Earlier this year, one of the world’s largest banks, The Hong Kong Shanghai Banking Corp. (HSBC), announced the largest rollout of biometric security technology in the U.K. with a voice and fingerprint authentication system that will encompass some 15 million customers. The HSBC biometric security technology will give its customers access to fingerprint authentication using readers built into iPhones loaded with HSBC banking apps, and the bank also will utilize Nuance Communications voice recognition technology, which uses 100 distinct identification factors to identify a speaker.
Biometrics involves using the unique aspects of human beings – fingerprints, retinas, voice patterns and facial features – as identifiers for security systems developed to authenticate identity.

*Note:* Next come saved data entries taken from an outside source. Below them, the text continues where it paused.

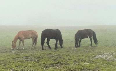 Кони на выпасе в тумане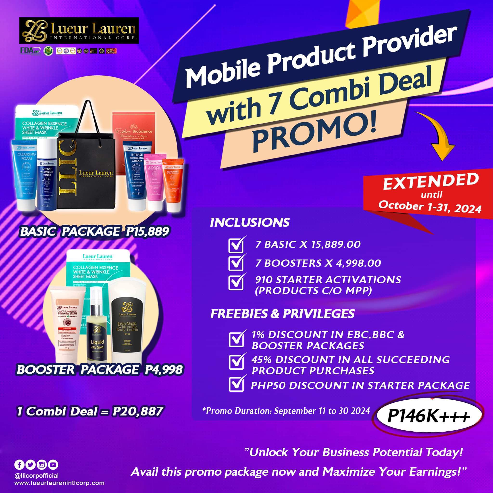 Our Mobile Product Provider (MPP) package with 7 Combi deal Promo has been extended from October 1 to 31, 2024 for just P146k only. Take advantage of incredible discounts, special offers, and unbeatable deals for a limited time in.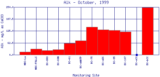 Alkalinity refers to how well a water body can neutralize acids. Alkalinity measures the amount of alkaline compounds in water, such as carbonates (CO3 2-), bicarbonates (HCO3 -), and hydroxides (OH-). These compounds are natural buffers that can remove excess hydrogen ions that have been added from sources such as acid rain or acid mine drainage. Alkalinity mitigates or relieves metals toxicity by using available HCO3 - and CO3 2- to take metals out of solution, thus making it unavailable to fish. Alkalinity is affected by the geology of the watershed; watersheds containing limestone will have a higher alkalinity than watersheds where granite is predominant. The Boulder Creek Watershed is composed primarily of granite rocks, thus the water has a lower alkalinity content.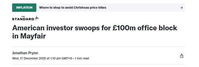 - 一位美国投资者将以约1亿英镑的价格收购位于伦敦梅菲尔区的一栋豪华写字楼…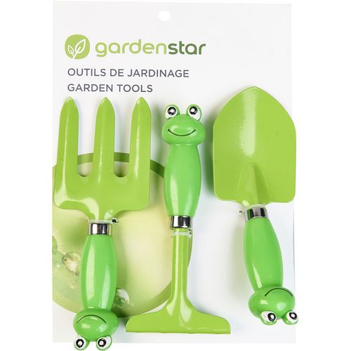 Set 3 outils enfants grenouille : ludique et sûr, éveillez la passion du jardinage dès le plus jeune âge.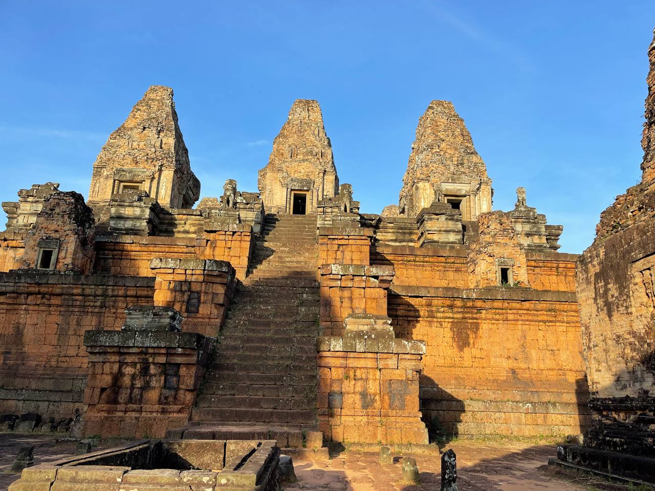 Start a visit at Kravan , a beautiful red brick color temple built for a trinity of Hindu god, Bramma, Visnu and Shiva and the tour will onward to Banteay Kdei, a Beautifull Buddhist temple founded by a famous ancient Khmer king, Jayavarman VII and the tour will onward to Taprom the famouse Jungle temple that was a setting place for movies Tom Raider feature Anjolina Jolie this morning tour will be followed by Takeo , TaNei and East Mebon, a brick structure temple located at Eastern Baray called Yashodharatataka.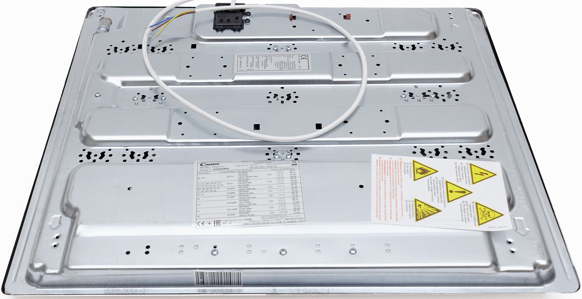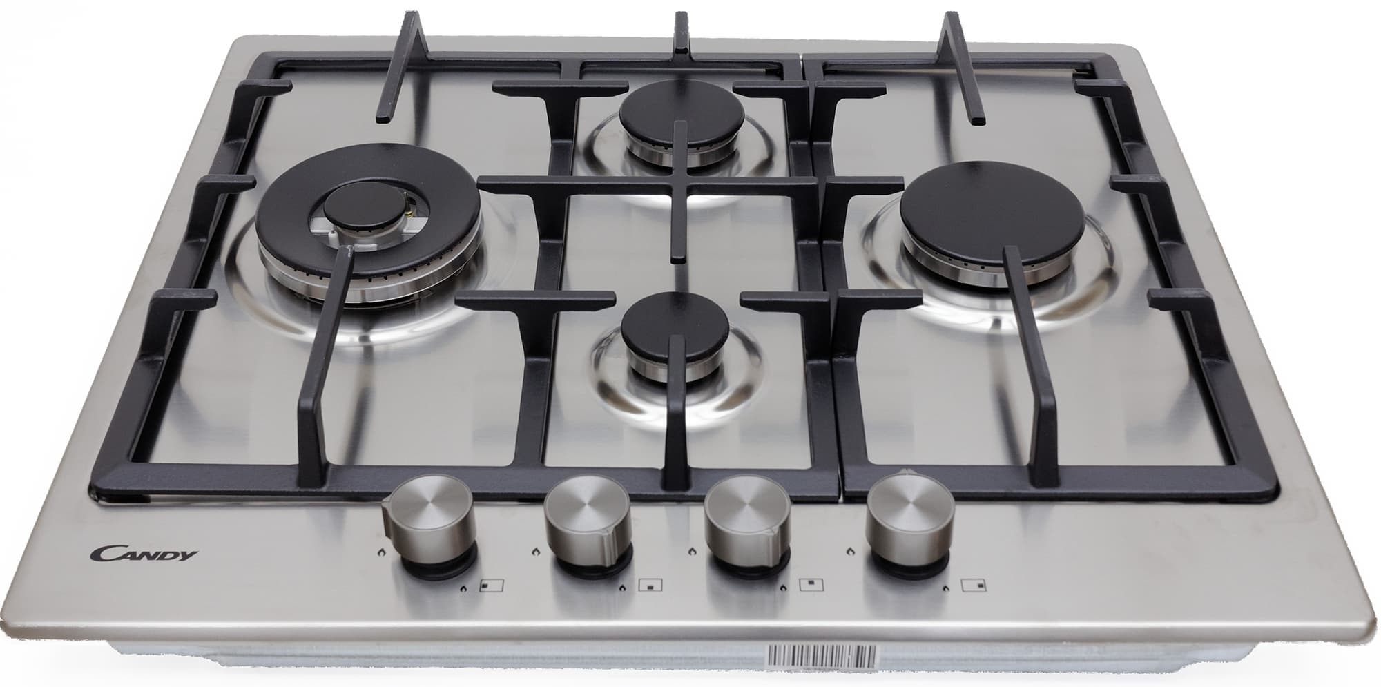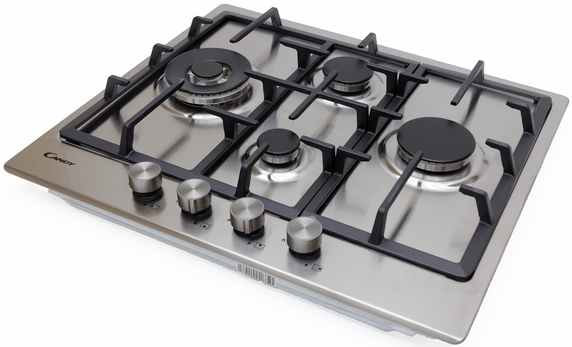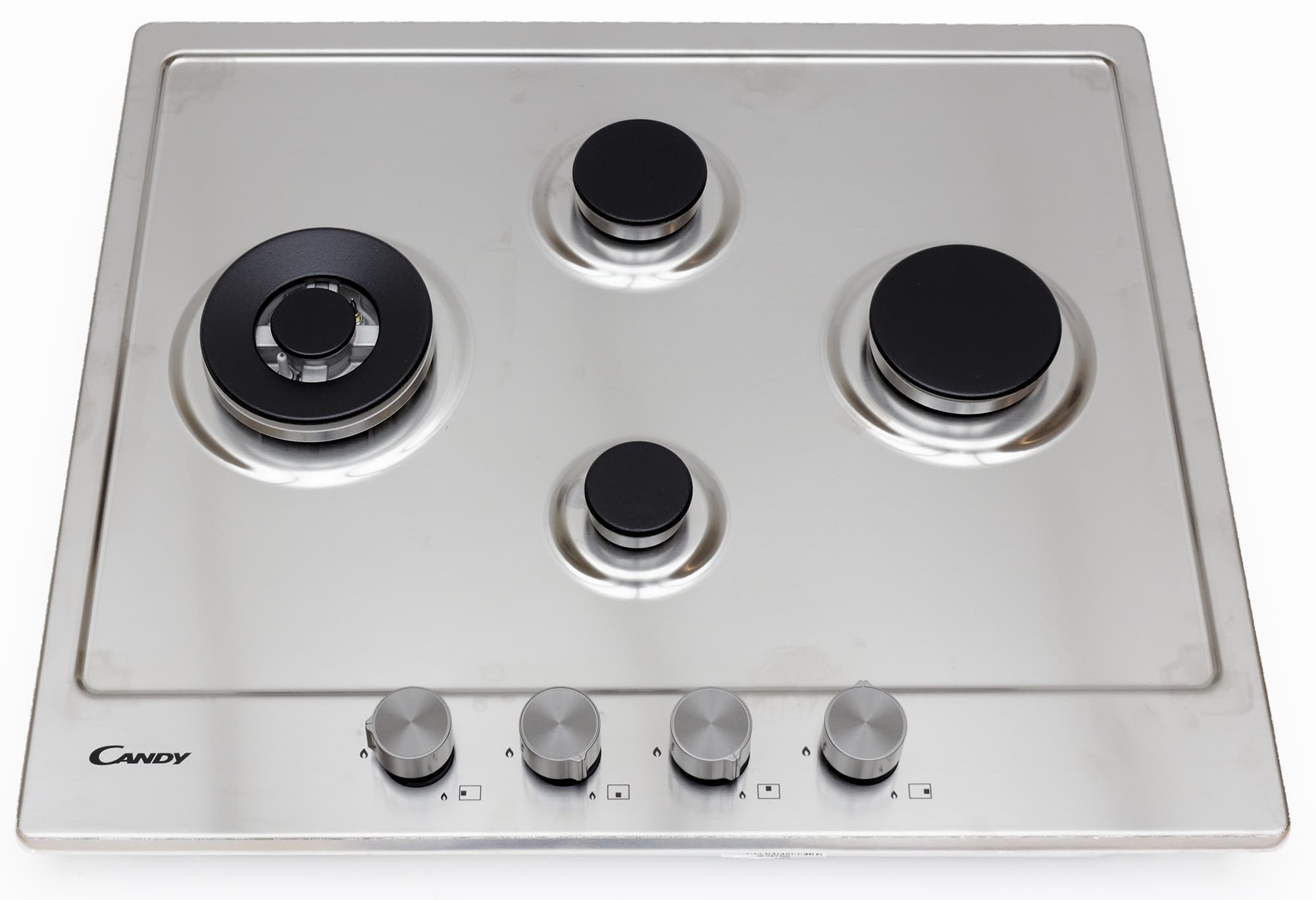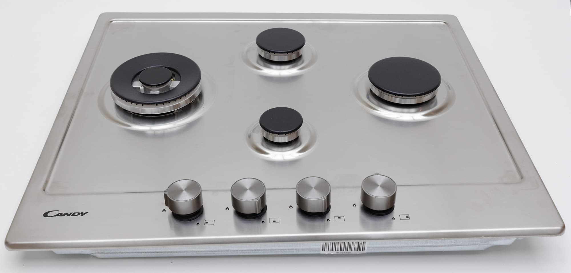 Candy CHG6DWPN — независимая варочная поверхность из нержавеющей стали с чугунными решетками. Совсем недавно мы тестировали похожую варочную поверхность Candy, визуально отличающуюся в основном расположением конфорок. Даже инструкция у этих моделей одна и та же. Словом, мы приблизительно представляем, что́ нас ждет, но с особым интересом хочется разобраться, имеет ли большое значение именно расположение конфорок на поверхности при абсолютной идентичности их технических характеристик.

Of course, the idea is not new. The police have been using fingerprints in investigations for more than 100 years, but consumer-level biometric verification systems have not made great strides until recently. Our increasing use of the internet, smart phones and other devices to make purchases, manage financial transactions and access our personal data has required all of us to use and protect a variety of passwords – passwords that cyber crooks increasingly are able to hack. Financial companies have been at the forefront of the development of biometric systems and have been seeking customer opinions and exploring biometric authentication as a viable replacement for trouble-plagued password authentication.
Will Biometrics Take off Here?
In the United States, response has been mixed. Some industry pundits argue that biometrics are inherently public and no more secure than passwords – they note that fingerprints can be “lifted” and that high resolution photos can be taken of people without their permission. In the public sector, law enforcement has embraced biometrics with Homeland Security and the U.S. Customs and Border Patrol working together to collect iris scans and foreigners’ fingerprints to add to the FBI’s national database.

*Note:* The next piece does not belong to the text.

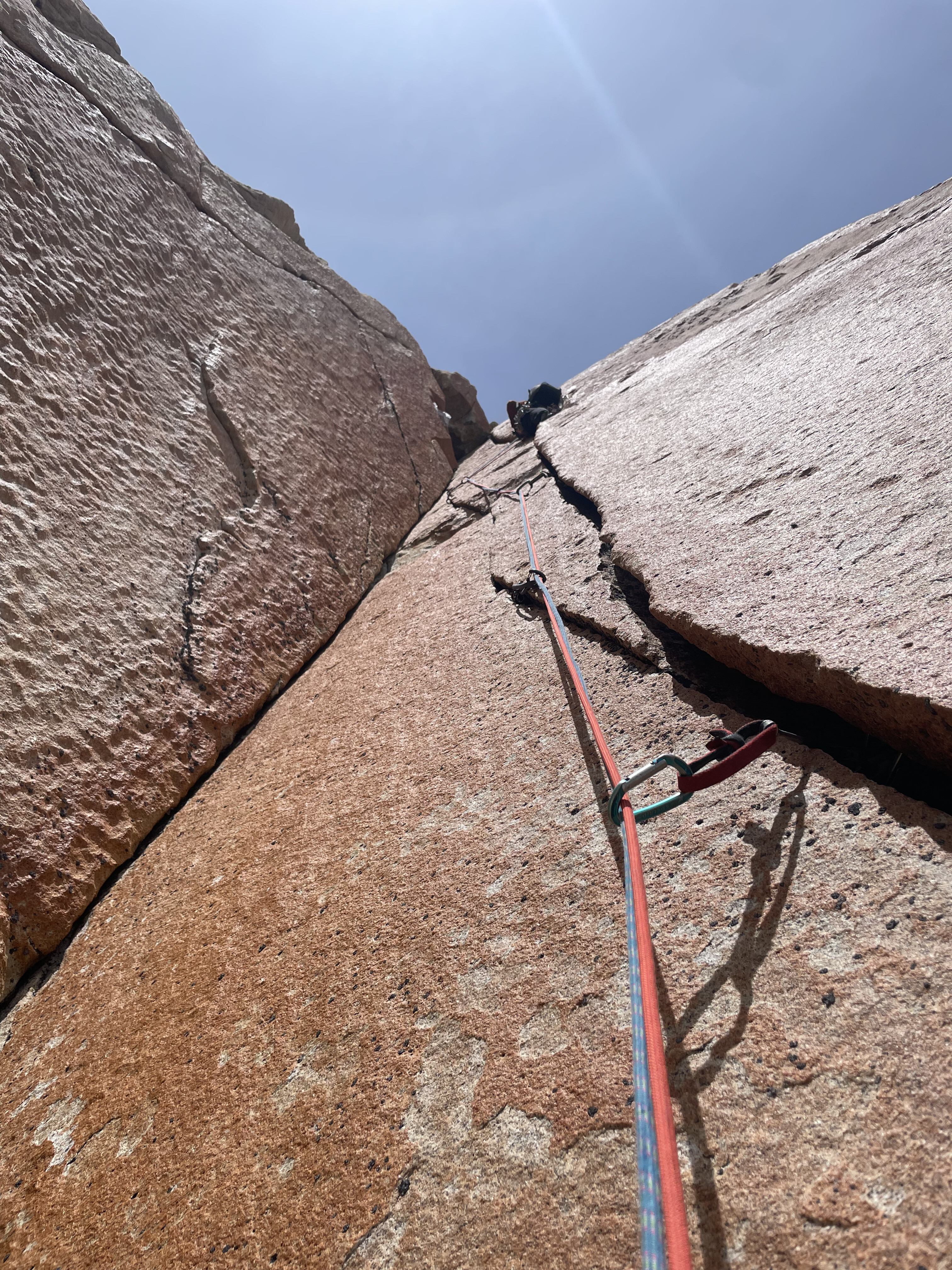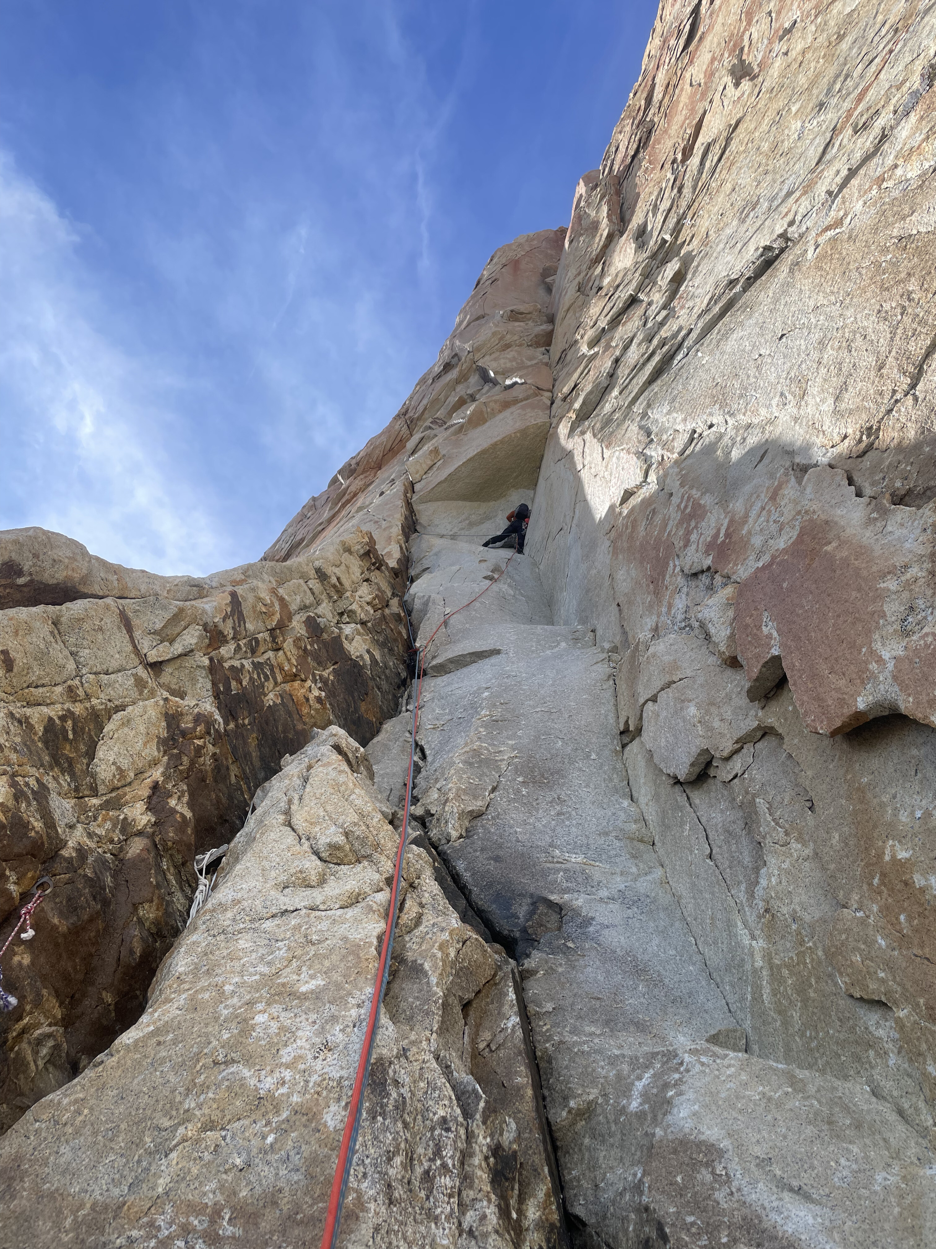 - L7 - 45 m: sale desde la reunión vertical con pasos de 5.10a/b para montarse en una terraza inclinada. En este punto, comienza una placa sellada con una evidente fisura de dedos por la cual se debe progresar. Proteger con números pequeños (A1) hasta alcanzar una terraza superior, donde la fisura se ensancha y se puede proteger con números algo más grandes (A1). Finalmente, sortear un paso expuesto por fuera de la fisura hacia la izquierda, para alcanzar el inicio del Diedro Rojo.

Issues involving privacy and consent have yet to be settled. Currently in 48 states, it is legal for people or organizations to use software to identify you using images taken in public without your consent. In Texas and Illinois, such images may not be used for commercial purposes. The use of biometrics remains largely unregulated, and Washington has not clarified the question of consent or determined how to regulate the industry.

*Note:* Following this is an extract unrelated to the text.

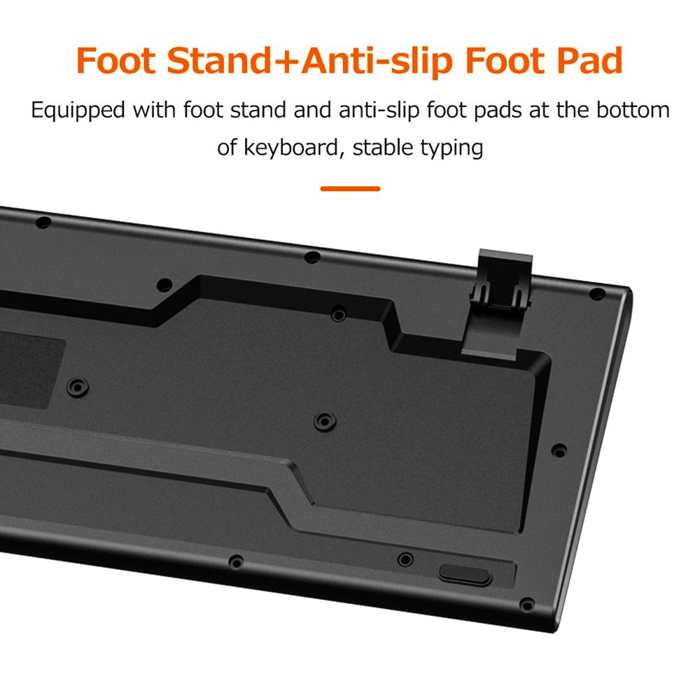 Equipped with foot stand and anti-slip foot pads at the bottom of keyboard, stable typing.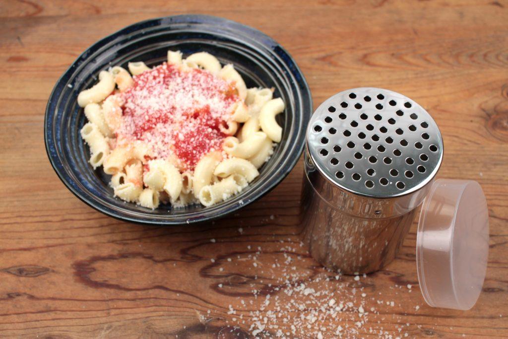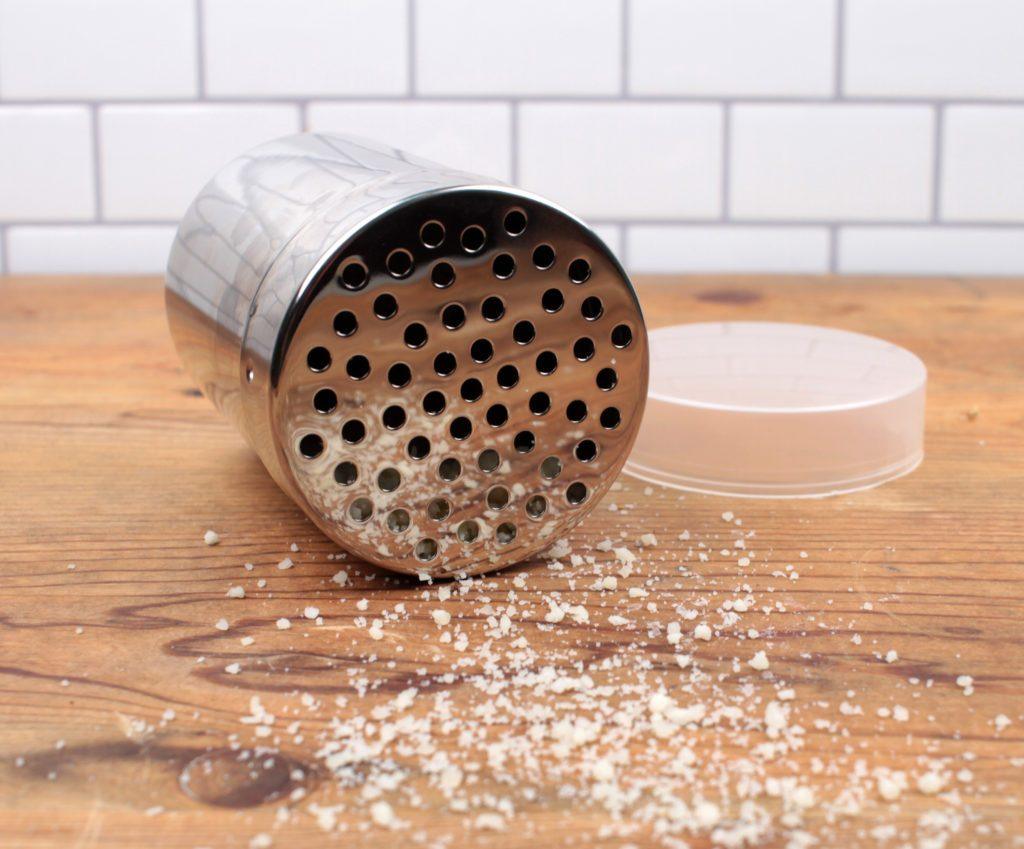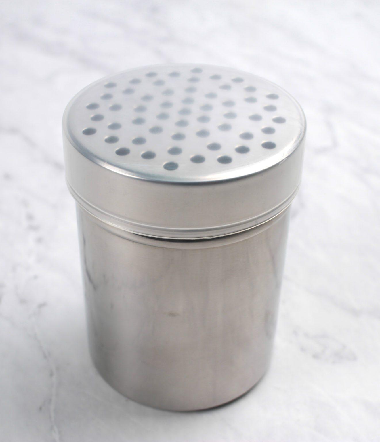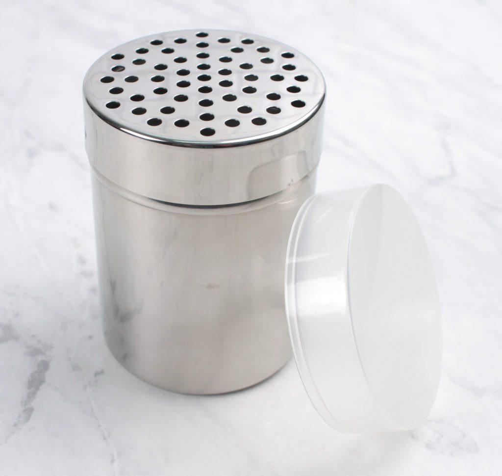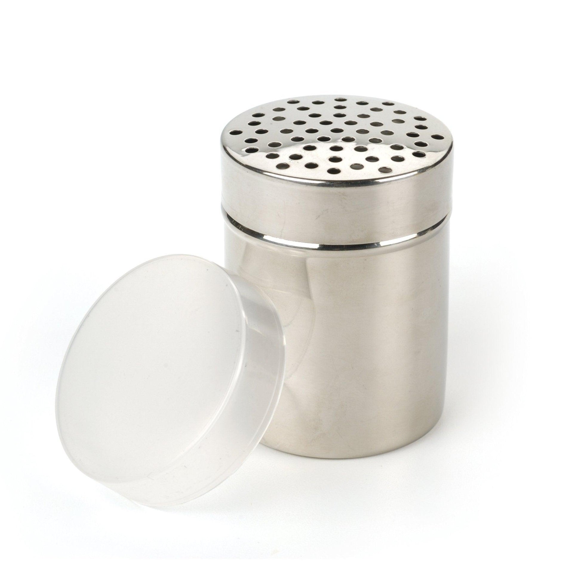 Great for sprinkling grated cheese, coarse herbs, spices or salts . Made from dishwasher safe polished 18/8 stainless steel with an airtight plastic cover. 11 oz. capacity.

Last year, an effort to develop a voluntary code of conduct for facial recognition technology, which was spearheaded by the National Telecommunications and Information Administration, failed to achieve any consensus. The industry remains self-regulating, and some private sector industry leaders regard the whole topic as a can of worms.
Finally, some experts note that hackers are already finding ways to spoof biometric identification, and that biometrics may be no more secure than passwords and PINs. Others wonder if the tradeoff – privacy for convenience – might turn out to be too high a price to pay.